As is always the case in drug development, portfolios and pipelines exist in a constant state of flux.


  • The odds of Yusimry being an uncompetitive asset are rising. On the day I made this trade, insurance provider Cigna announced it will be offering interchangeable biosimilars Cyltezo (Boehringer Ingelheim) and Simlandi (Teva, Alvotech) instead of Humira. Coherus BioSciences has argued interchangeability status isn't as important as supply volumes and citrate-free formulations in this specific market, but that internal market research might already be outdated.
  • I'm still not 100% confident Udenyca Onbody will escape a legal challenge from Amgen, although the window for that is closing. The launch of Udenyca Onbody is the single-most important driver for 2024.
  • Meanwhile, Loqtorzi is well-positioned as the preferred treatment option in national guidelines, but it might be getting off to a uncharacteristically and un-Coherus slow start. Wall Street wouldn't handle that well.


  • Certain oncology targets in the pipeline, such as IL-27 (phase 2 data are available) and ILT4 (preclinical data are available), have been duds in the competitive landscape.
  • Casdozo (IL-27) delivered very competitive data in its small phase 2 study, which I found surprising since inhibiting IL-27 should make tumors grow faster.
  • CHS-114 (CCR8) will have a preliminary phase 1 data readout at ASCO on June 1. This is becoming an increasing attractive oncology target, but there's relatively little data. Prior results from CHS-114 were inconclusive.
  • CHS-1000 (ILT4) only has preclinical data, but all other industry attempts have failed.

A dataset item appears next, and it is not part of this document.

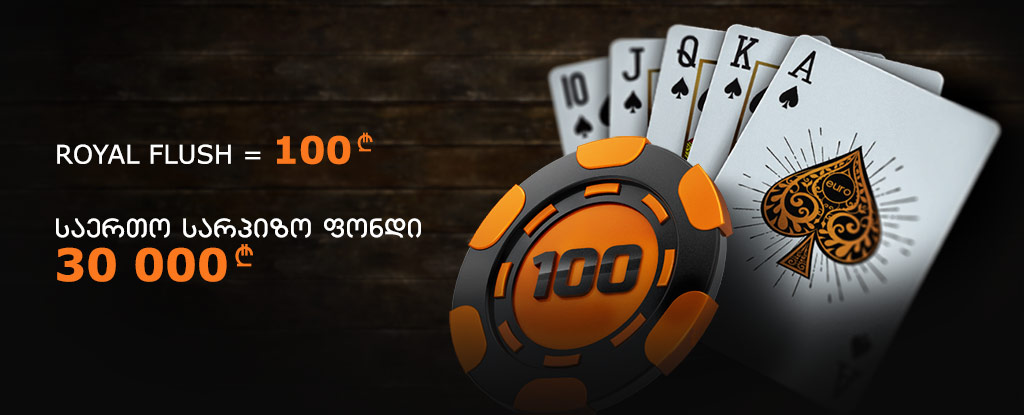 100 ლარი როიალ ფლეშის შეგროვების შემთხვევაში დაგერიცხებათ ყოველი საათის ბოლოს დაფიქსირებული კომბინაციიდან 20 წუთის ინტერვალში.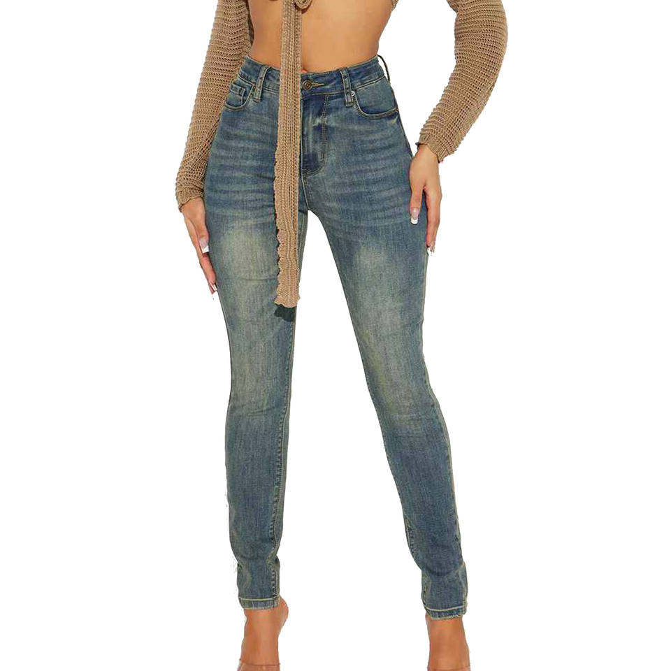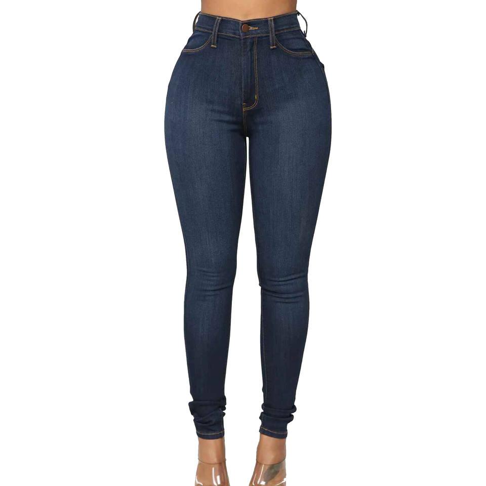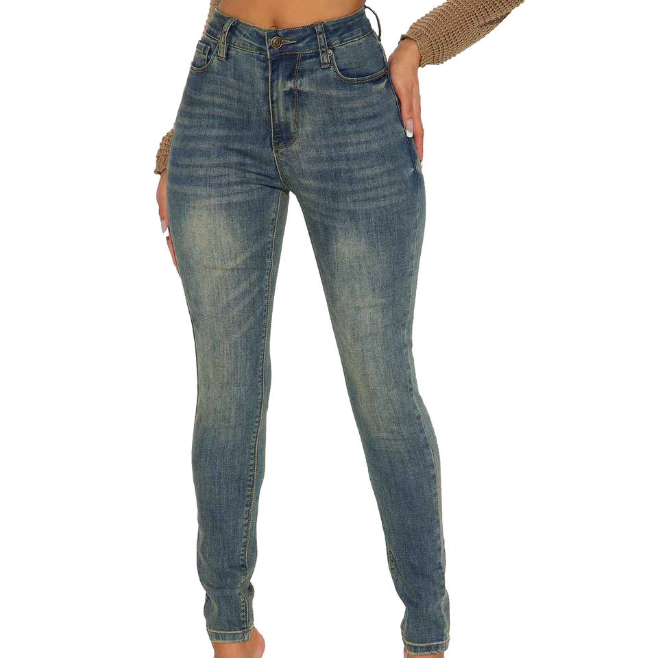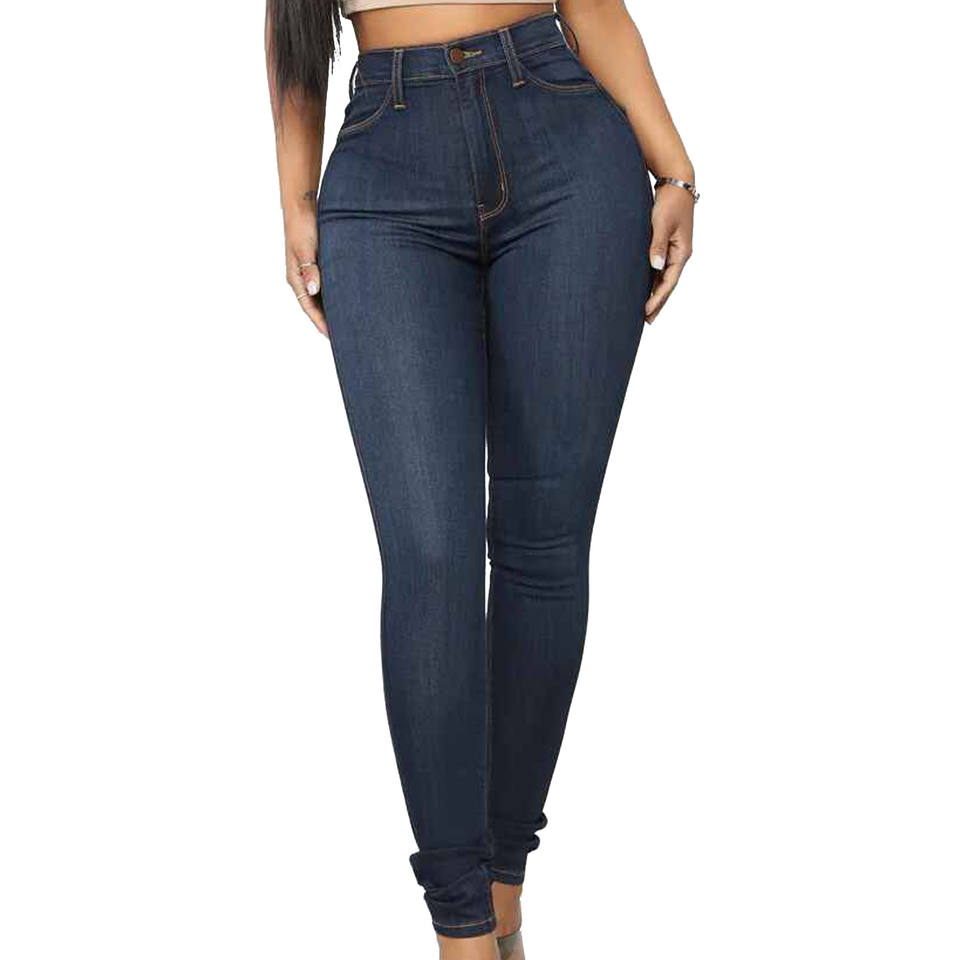 กางเกงยีนส์เอวสูงสำหรับผู้หญิงกางเกงทรงดินสอสลิมล้างผอม

Keep in mind the pipeline isn't really factored into the valuation yet. Investors are more concerned in balancing upside (favorable clinical readouts) and cash burn (the need to fund clinical trials). That's what makes commercial execution so important -- everything else falls into place with it.

Holding Period

I'm targeting an exit for this Roth IRA position in the range of $10 to $15 per share, which equates to a holding period of 6 to 18 months.

I've stuck with Coherus BioSciences, which comprises 25% of my personal brokerage at $4.95 per share (the entire position reaches a tax-advantaged holding period at the end of 2024), because it still has the potential for a market-beating return at my cost basis and for my entire holding period. But there is a time component to investing.

I might decide to exit all positions in all portfolios in the $10 to $15 per share range. I'd be thrilled to redeploy the capital to other positions in late 2024 or early 2025, especially with the timing of de-risking events for Arrowhead Pharmaceuticals, Arvinas, Codexis, and Relay Therapeutics.

Just to be clear Finch Trades will cover my buys, sells, and options trades. I'll always provide updates.

The important thing to remember is this is a make-or-break year for the investment thesis. Investors will have a definitive answer on the direction of the business in 2024. In other words, if it's December 31 and the business hasn't put the pieces together, then Coherus BioSciences probably isn't in your portfolio. The thesis would've broken, and I would've been proved wrong.

Margin of Safety & Allocation

Coherus BioSciences is considered a Growth (Quality) position. The current modeled fair valuation for the company based on our 2024 model is below:

  • Market close April 25: $1.93 per share
  • Modeled Fair Valuation: $10.58 per share
  • Allocation Range: Up to 15%

Coherus BioSciences reported 112.714 million shares outstanding as of February 29, 2024. The modeled fair valuation above assumes 118.350 million shares outstanding, which is equivalent to 5% dilution.